🤖 AI Summary
This work challenges the prevailing assumption in few-shot reranking that reranking invariably improves performance, highlighting instead that its substantial computational overhead can lead to net negative gains. The study is the first to demonstrate that reranking is not universally beneficial and introduces a training-free gating mechanism that leverages the input uncertainty estimated by large language models as a gating signal to dynamically decide whether to apply reranking. By decoupling uncertainty estimation from the retrieval-and-selection pipeline, the proposed approach achieves both generality and efficiency. Extensive experiments across eight large language models, seven natural language understanding datasets, and nine machine translation domain combinations show that the method reduces computational costs by 15%–80% compared to baselines while achieving up to a 2% performance improvement.
📝 Abstract
Few-shot selection typically assumes that reranking retrieved examples always improves performance.
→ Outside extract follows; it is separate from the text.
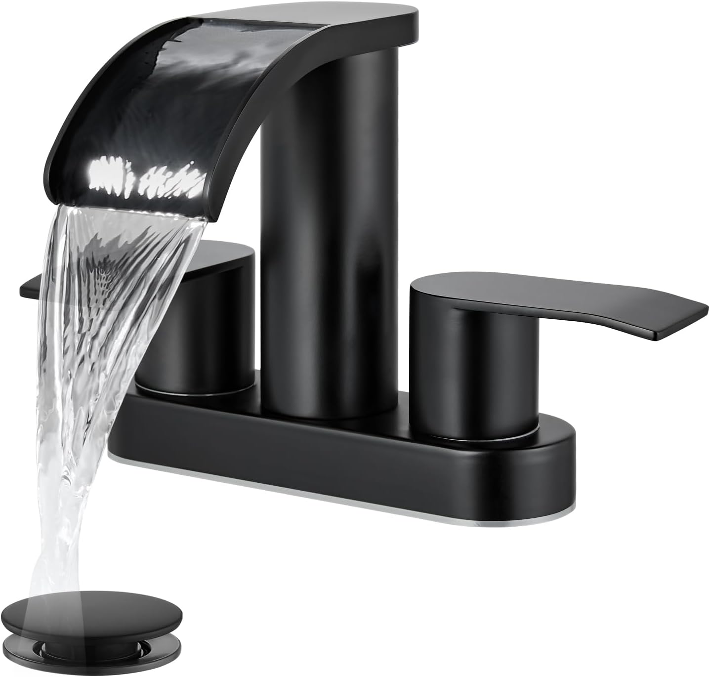 gotonovo 4 Inch Centerset Waterfall Bathroom Sink Faucet Deck Mount 2 Handle Basin Faucets 2 or 3 Hole with Pop Up Drain Included Lavatory Modern Mixer Tap Vanity Faucet Matte Black
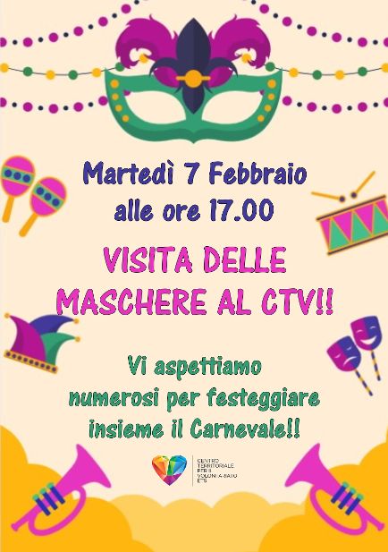 Ad accogliere il Bicciolano, la Bela Majin e le maschere dei vari rioni ci saranno i consiglieri di CTV, gli operatori e i volontari delle tante Associazioni locali, per festeggiare insieme la gioiosa ricorrenza del Carnevale.

We challenge this view by identifying that the expensive reranking step can in fact degrade performance. Instead, we propose \emph{Training-Free Gated Reranking}, which decides whether to rerank the few-shot examples based on the model's uncertainty. Extensive experiments across 8 LLMs, covering 7 NLU datasets and 9 MT domain-language combinations, demonstrate that our approach reduces computational costs by 15\%-80\% while improving average performance by up to 2\%. These findings indicate that higher computational cost does not guarantee better performance, and that reranking is most beneficial when targeted at high-uncertainty instances.